OCR_SECRET_KEY=change-this-in-production

FORWARDER_SECRET=change-this-if-webhook-forwarding-is-enabled
FORWARDER_TARGET_1_URL=https://endpoint1.example.com/webhook
FORWARDER_TARGET_2_URL=https://endpoint2.example.com/webhook
FORWARDER_TARGET_3_URL=https://endpoint3.example.com/webhook

ENABLE_EASYOCR_FALLBACK=0

FORWARDER_* settings are only required if /api/webhooks/forward is used.

Running

python app.py

The API runs on http://localhost:5005.

Swagger UI is available at:

http://localhost:5005/api-docs

For production-style serving:

gunicorn --bind 0.0.0.0:5005 --workers 4 --timeout 120 app:app

Endpoints

Health Check

GET /

Returns:

{
  "status": "healthy",
  "message": "Document OCR API is live"
}

Passport Extraction

POST /api/passport
POST /api/scan-passport

Form data:

  • file: passport image
  • country (optional): ISO-3166 alpha-3 country hint, for example NGA

Example:

curl -X POST http://localhost:5005/api/passport ^
  -F "file=@passport.jpg"

NIN Extraction

POST /api/nin

Form data:

  • file: NIN card or slip image
  • country (optional): ISO-3166 alpha-3 country code. Defaults to NGA.

Bank Statement Extraction

POST /api/bank-statement

Form data:

  • file: PDF or image bank statement

Voter ID / Voter Card Extraction

POST /api/voter-id

Form data:

  • file: voter document image, or PDF with embedded text
  • country (optional): ISO-3166 alpha-3 country code. Defaults to NGA.
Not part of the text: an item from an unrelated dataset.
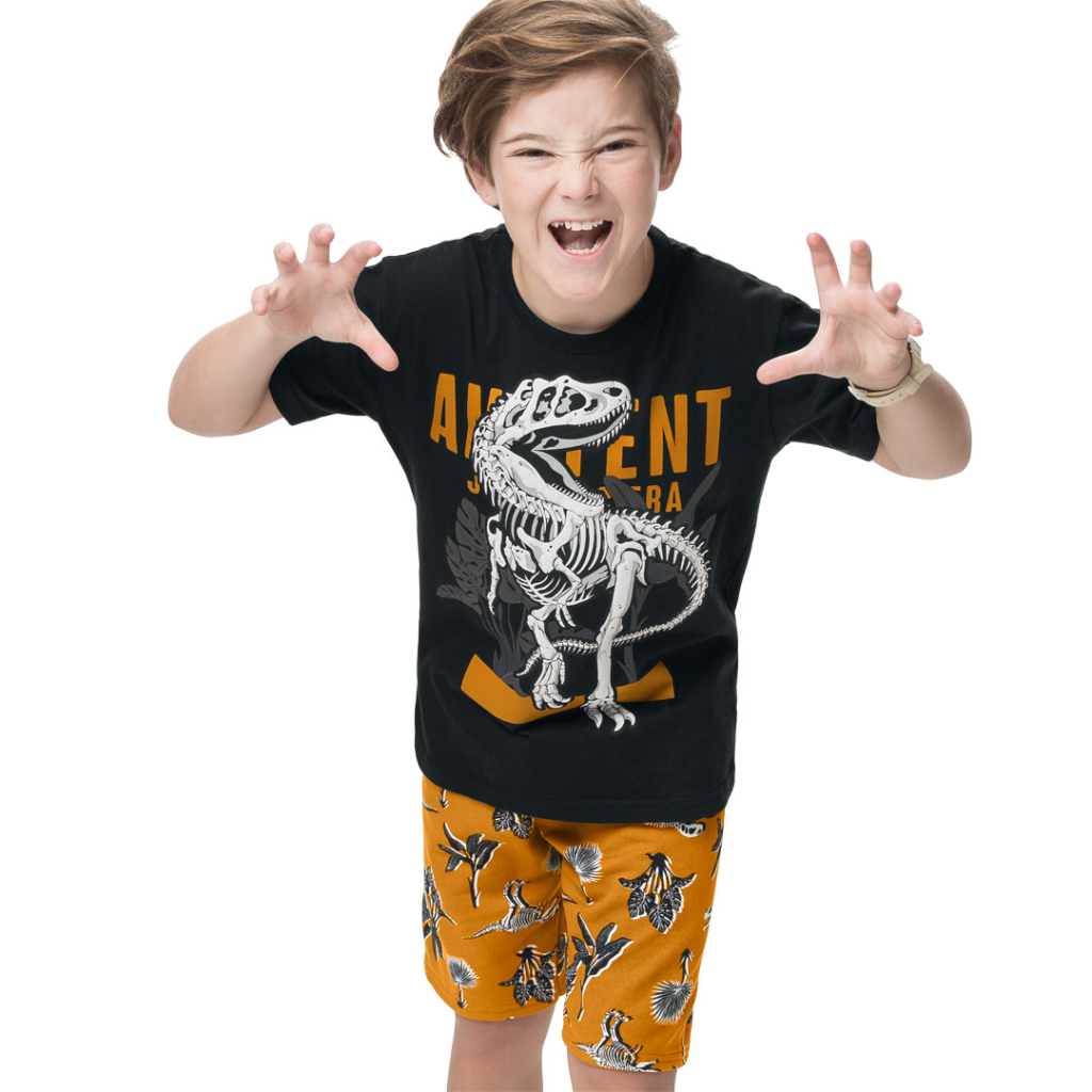 Letná súprava pre chlapcov. Tričko s krátkym rukávom, z pružného úpletu, so super dinosaurovou potlačou. Pohodlné šortky v páse na gumu.Dodatočné parametre

voter_id is the canonical processor name. Country metadata keeps local naming clear: Nigeria exposes VOTER_CARD, while Ghana exposes VOTER_ID.
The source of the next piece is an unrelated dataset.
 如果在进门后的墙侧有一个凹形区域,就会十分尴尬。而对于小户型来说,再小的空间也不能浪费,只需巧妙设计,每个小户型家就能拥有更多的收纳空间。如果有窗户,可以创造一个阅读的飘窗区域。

Driver's License Extraction

POST /api/drivers-license

Form data:

  • file: driver's license image, or PDF with embedded text
  • country (optional): ISO-3166 alpha-3 country code. Defaults to NGA.
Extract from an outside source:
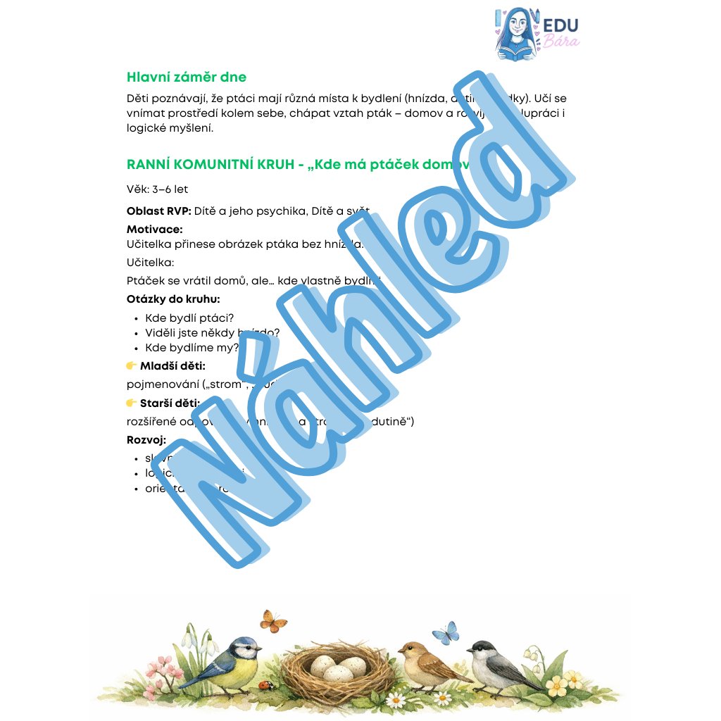 Kompletní celodenní vzdělávací program, který dětem hravou formou přibližuje rozmanitost ptačích obydlí a význam bezpečného domova

For these newer identity processors, the runtime flow is:

Flask route -> shared document processor -> text_extraction.py -> country parser

For example, /api/voter-id calls src/document_ocr/voter_id/processor.py. That processor calls src/document_ocr/text_extraction.py to convert the upload into text, then dispatches to src/countries/nigeria/voter_id.py or src/countries/ghana/voter_id.py.

Country Metadata

GET /api/countries
GET /api/countries/{country_code}

Returns registered countries and their local identity document metadata. This is metadata only; a listed ID does not automatically mean an OCR parser exists for that exact ID yet.

Example:

curl http://localhost:5005/api/countries/NGA

Example response fragment:

{
  "success": true,
  "country": {
    "country_code": "NGA",
    "country_name": "Nigeria",
    "supported_identity_documents": [
      {"code": "NIN_CARD", "name": "National Identification Number card"},
      {"code": "VOTER_CARD", "name": "Permanent voter card"},
      {"code": "DRIVERS_LICENSE", "name": "Driver's license"}
    ]
  }
}

Webhook Forwarding

POST /api/webhooks/forward

Receives a raw request body, signs it with FORWARDER_SECRET, and forwards it to configured targets.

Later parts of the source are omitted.